南に面したフェンスの前に立って左に目をやると、海が見える。海と、それを縁取る人工湾。煉瓦色の倉庫から運び出されたカーゴは湾岸まで乗り付けたモノレールに積み込まれ、運ばれた先でばらばらに解体されるのを、じっと待っている。カーゴのいくつかは、この病院の足元にあるモノレール線ホームに運び込まれ、長距離輸送の列車に移し変えられることになる。噛み飽きたチューインガムのように味気ない、単調な眺め。そんな眺望のせいか、屋上にいる人は少ない。ぱっと目に入るのは、給水塔の影、ベンチに腰掛ける男女の姿くらいだった。
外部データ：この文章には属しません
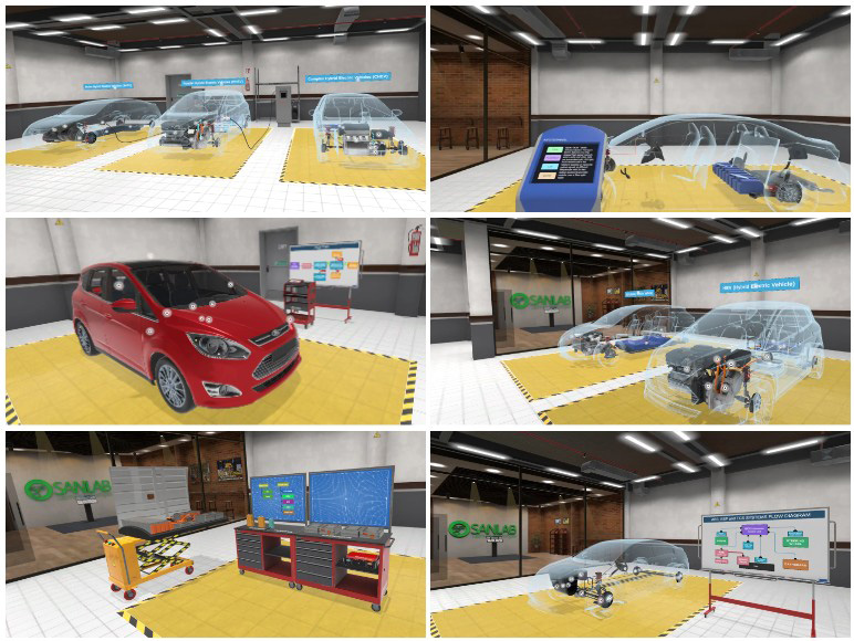 SANLAB 虛擬工作坊在電動車維護模擬器中,架起了理論與實務的橋樑,以滿足電動和混合動力車輛技術的教育需求,在逼真、安全的環境中提供動手實操經驗;透過互動式模擬和真實的車輛組件,我們的虛擬工作坊使使用者能夠建立診斷、修理和電動車維護的基本技能,每個情境都複製了真實世界的任務,提供對電動和混合動力車輛系統的理解,這種方法增強了技術技能和使用者信心,為他們應對產業需求做好準備。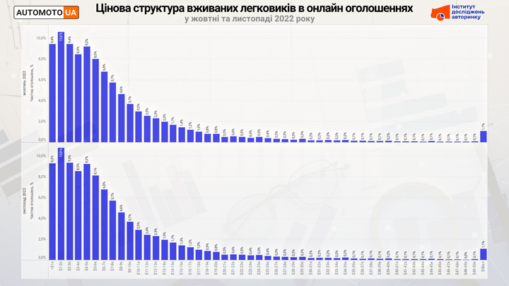 Абсолютну більшість оголошень продажу на українському ринку надалі складають легковики вартістю до $10 тисяч. Порівняно з жовтнем, частка таких машин у листопаді майже не змінилася: вони надалі складають абсолютну більшість — 76% від загальної кількості. Найбільша кількість пропозицій продажу знаходиться в категорії $1-2 тисячі: 10,8% (у жовтні показник був на рівні 10,6%).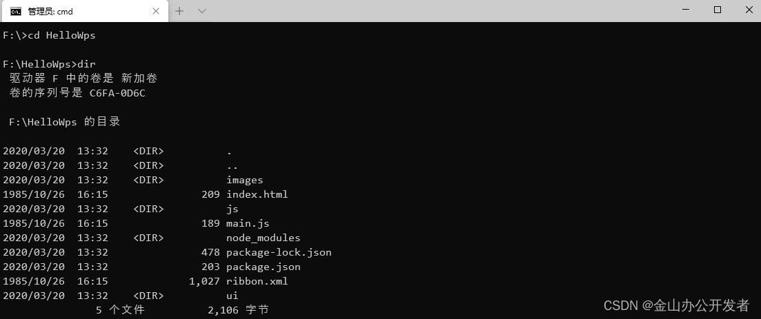 确认后wpsjs工具包会在当前目录下生成一个HelloWps的文件夹,我们进入到此文件夹,可以看到HelloWps的相关代码已经生成: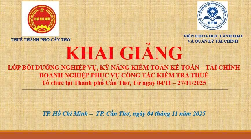 Tối ngày 04/11/2025, Viện Khoa học Lãnh đạo và Quản lý Tài chính phối hợp với Thuế thành phố Cần Thơ tổ chức Khai giảng Lớp “Bồi dưỡng nghiệp vụ, kỹ năng Kiểm toán kế toán – tài chính doanh nghiệp phục vụ công tác kiểm tra thuế” cho 61 công chức.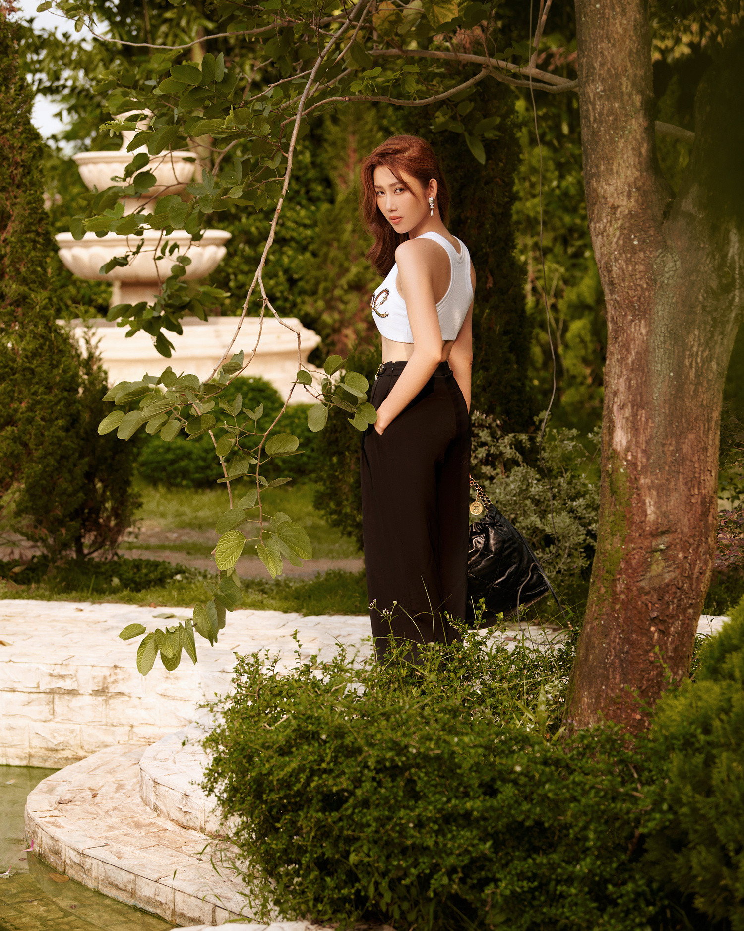 Phần lớn trang phục của Thúy Ngân diện có tông màu đơn giản, trung tính, họa tiết thời thượng đến từ nhà mốt Chanel. Cô kết hợp phụ kiện đeo eo cùng các thiết kế túi dây xích nhỏ tạo điểm cho trang phục.

風がびゅうっと吹き付け、クーリロワは目を細めた。天気はいいが、春のように暖かいというわけではない。指先はかじかみ、肩は震え始めている。しかし彼女は動かなかった。やがて背後に気配を感じた。なぜだか、振り返る前からそれが誰かわかっていた。指の腹を噛みかけ、そこに絆創膏が張られていることに気付くと、彼女は手を下ろした。きゅっと一度目を瞑る。息を吐き、目を開ける。するとそこには、人々がそうあれかしと望む彼女がいた。クーリロワは振り向いた。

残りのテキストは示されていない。